Les clients retail adoptent-ils pour autant ces produits ? La conjoncture économique actuelle n’est pas forcément favorable aux produits qui ne garantissent pas tous des retours sur investissement à court terme. L’offre ESG n’est pas forcément en adéquation avec les attentes des particuliers en matière de rendement. S’il y a un intérêt, il faudra évaluer dans quelle mesure cela se traduit par une adhésion à ces produits.
Les investissements intégrant les critères ESG ne sont-ils pas désormais considérés comme plus résilients, ou tout du moins aussi performants que les produits traditionnels ? Dans une perspective à moyen et long terme, les approches intégrant les critères ESG devraient mieux performer que d’autres classes d’actifs. J’en suis personnellement persuadée. Sur le court terme, c’est plus difficile à démontrer. Cette année, par exemple, les grands groupes pétroliers, ayant profité de la hausse du coût des énergies fossiles, ont pu proposer un dividende important à leurs actionnaires. Ce n’est pas forcément le cas d’autres acteurs, inscrits dans une démarche durable, avec une croissance à plus long terme.
S’il y a un attrait pour l’ESG, comment l’offre évolue-t-elle ? C’est un autre enjeu. Si les conseillers ont pour obligation d’interroger les investisseurs particuliers sur leurs préférences en matière d’ESG, l’offre reste limitée et ne permet pas de répondre aux attentes précises des clients. Mifid II oblige notamment à leur poser quatre questions. La première concerne la sensibilité ou non de l’investisseur visàvis de ces critères ESG. S’il y répond par l’affirmative, il lui est aussi demandé s’il souhaite que l’impact de ses investissements soit mesuré, s’il entend privilégier des actifs durables ou encore alignés sur la taxonomie européenne. Le problème est que les produits permettant de répondre à cette variété d’attentes se trouvent seulement en cours de développement. Les conseillers doivent donc se tourner vers des alternatives, quitte à y revenir un peu plus tard quand l’offre sera plus étoffée.
À quel rythme l’offre se développet-elle ? Les réglementations en place, pour renforcer la transparence ou susciter la demande, ont précédé l’offre. Si elles poussent les gestionnaires à développer des produits ESG, cela prend du temps. Proposer de l’ESG implique de pouvoir collecter les bonnes données et d’adapter les systèmes. Audelà, il faut aussi pouvoir former les conseillers à la clientèle. Il y a une période d’adaptation. D’ici deux à trois ans, l’offre aura considérablement évolué, répondant au choix des investisseurs tout en contribuant au développement d’une société plus durable.

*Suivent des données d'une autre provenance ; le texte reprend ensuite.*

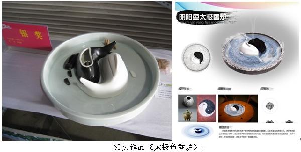 2013年5月底,我系接到由焦作市旅游局和天津工业大学发出的“焦作旅游商品全国创新设计大赛”的邀请。大赛邀请全国高校和设计公司及个人参加。接到邀请后,系部积极组织优秀学生参加比赛。经过2个多月的努力以及7月份的初评到最后8月份的终评,取得丰硕收获!我系老师指导的10级学生陈少伟、李明敏两位同学所设计的参赛作品“太极鱼香炉”、 “无量度人”分获银奖、铜奖!应焦作旅游局的邀请,我系获奖学生代表陈少伟参加了由焦作旅游局举办的“焦作旅游商品全国创新设计大赛”创新设计颁奖典礼。参加这样的赛事并获得大奖,扩大了我校工业设计系在业界的影响,同时也加强了我校与兄弟院校之间的交流、学校与企业的合作,为学校教学与社会以及企业更好地接轨提供又一途径,真正用设计知识服务社会,体现出工业设计教学的价值。

UNE MATIÈRE ENCORE MÉCONNUE
Au printemps, l’Ilres, à la demande de l’ABBL, la CSSF et la LSFI, a cherché à évaluer l’intérêt et le niveau de connaissances du grand public vis-à-vis de la finance durable. Les conclusions de l’enquête, publiées en septembre, révèlent que 74 % des sondés pensent que la finance joue un rôle important dans la transition durable de l’économie. 71 % considèrent que les individus peuvent contribuer à un monde plus durable par leurs décisions financières. Or, 47 % ne savent pas ou ont du mal à cerner ce qu’est la finance durable. 43 % associent la finance durable à l’impact sur l’environnement (le « E » d’ESG). La dimension sociale et celle de gouvernance (« S » et « G ») sont, quant à elles, méconnues.